Abstract

This is the most significant study of Great Basin history to emerge in recent decades. Ned Blackhawk's engaging book captures the marginalized past of Great Basin Indians and reconstructs it at the center of powerful colonial forces. In Blackhawk's story, Native American peoples are not merely sideshows on the edges of American history but historical actors with diplomatic agendas equal to that of their colonial counterparts. This is not simply a rewriting of regional history but a reshaping of the American story to place indigenous peoples at the center, with violence and pain used as interpretive tools. The scope of Blackhawk's study, from the late sixteenth century to the mid-nineteenth century, adds deep texture to longstanding regional narratives.

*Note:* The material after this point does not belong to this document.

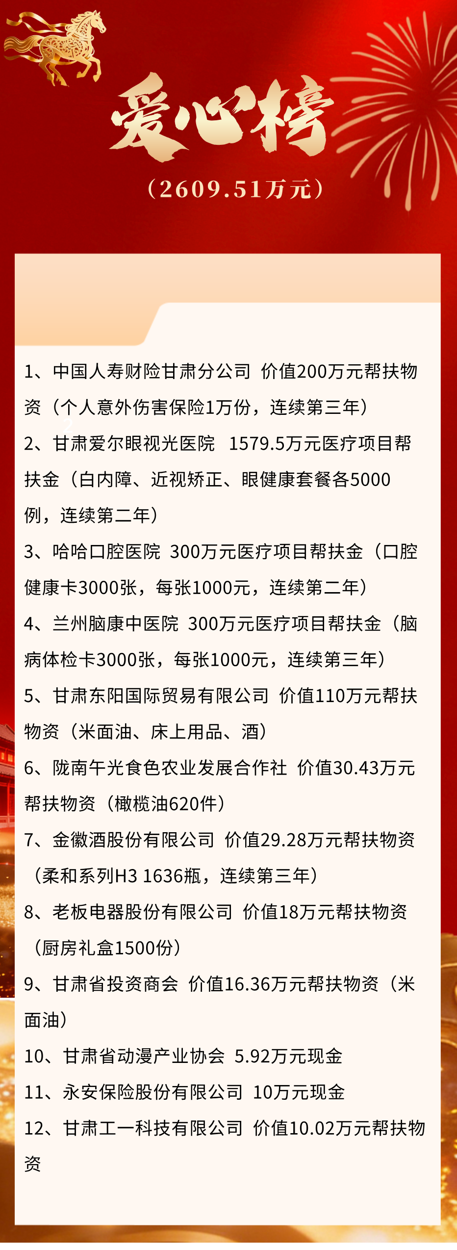 随后各爱心企业开展爱心捐赠仪式。兰州脑康中医院等12家爱心企业向省退役军人关爱基金会捐赠价值2609.51万元帮扶物资,用于困难退役军人帮扶援助。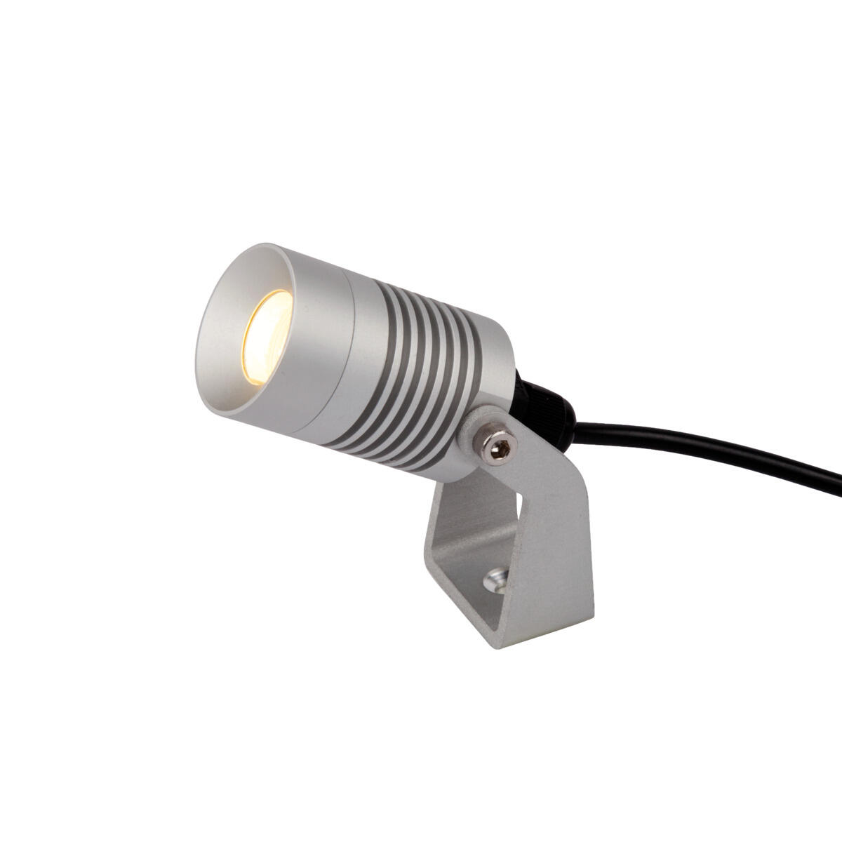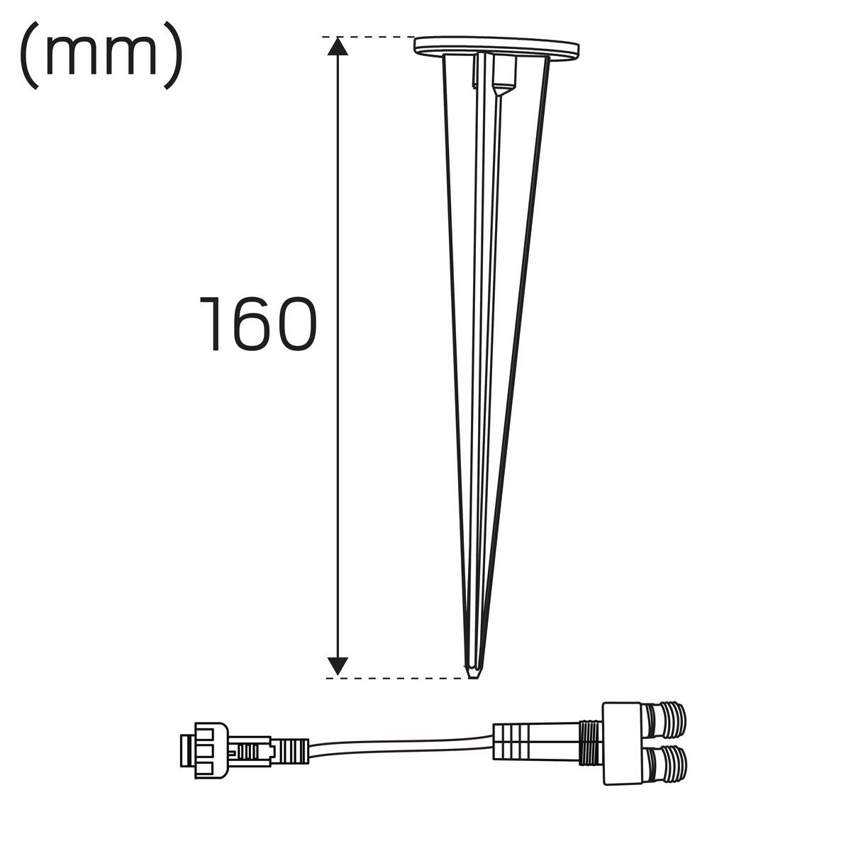 Kit with striking mini spots with low energy consumption. Small, adjustable and stylish luminaires for illuminating smaller objects in the garden, such as flower beds or small bushes and trees. Comes with 0.5 m rubber cable with screw connector and ground spike. The kit comprises 2x IP67 luminaires, 2x ground spikes, 2x T-connectors, 1x 1 m extension cable with quick connector and 1x plug-in transformer IP44 with 5 m cable. Can be combined with Decklight Garden thanks to the common coupling system.

The 1776 Dominguez-Escalante expedition, a typical starting point for Spanish-Ute relations in the Great Basin, does not appear in Blackhawk's story until chapter three. By the time of the padres' foray into what would become Utah, the Spanish and the Utes had forged complex and frequently violent relationships. A 1639 Spanish slave raid against Ute Indians marked the first documented encounter between the two peoples. By the mid-eighteenth century, the Utes had adapted “to the region's new violent economy” to become “accomplished and dreaded antagonists” themselves (p. 25). They also formed a powerful alliance with the Comanche to dominate New Mexico's northern perimeter.